Krankheiten von Blumen durch Bakterien verursacht

Fleckenbildung durch Bakterien ist durch den Tod einzelner Teile des Blattes gekennzeichnet, aber die Flecken haben verschwommene Ränder. Die Flecken können glasig oder ölig sein, schnell an Größe zunehmen, die Blätter werden gelb, trocknen aus und sterben ab. Bakterien vermehren sich schneller in Wärme und hoher Luftfeuchtigkeit.

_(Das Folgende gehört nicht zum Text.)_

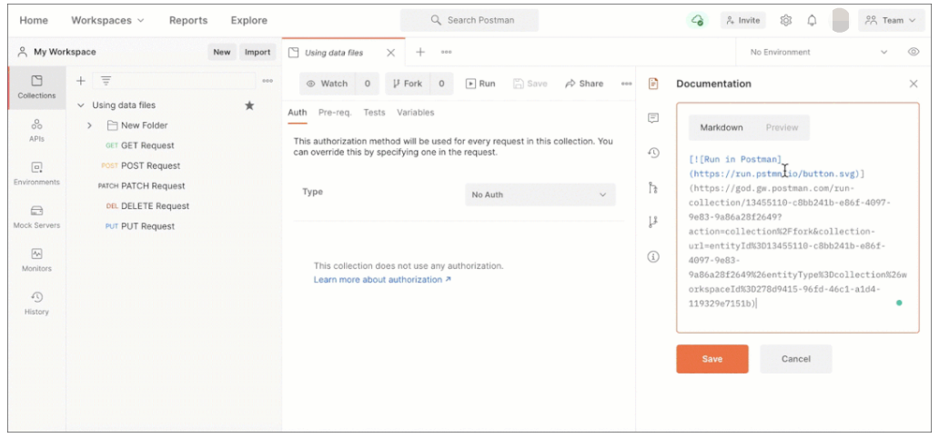 A casual game company uses Postman as a collaboration tool. The company's testing software development engineer is responsible for researching and finding out all the test cases of API. Then he publishes that information on Wiki so that others can run API tests and ensure that what they are doing does not damage the existing API functions. Postman even allows you to place a button on the company's internal website - it says "run in postman," and it automatically starts the Postman test.

Fäulnis ist auch das Ergebnis einer Schädigung durch Bakterien, Pflanzengewebe erweichen, sterben allmählich ab, stattdessen bildet sich eine flüssige faule Masse mit einem unangenehmen Geruch.

Blüten mit fleischigen Blättern und Stielen sowie Knollen- und Knollenblättern sind häufig betroffen, Aglaoneme leiden häufig unter Fäulnis. Es befällt Blätter, Wurzeln, Stiele verrotten.

Überbewässerung, niedrige Temperaturen und Überfütterung mit stickstoffhaltigen Düngemitteln tragen zur Entwicklung einer Infektion bei.

Die erkrankte Pflanze sollte nicht mehr besprüht werden, die betroffenen Gewebe sollten mit kleinen Bereichen gesunder entfernt werden, die Pflanze sollte mit Zubereitungen behandelt werden, die Kupfer- oder Bordeaux-Gemische enthalten.

Wenn die Behandlung keine Ergebnisse liefert, muss die Pflanze zerstört werden..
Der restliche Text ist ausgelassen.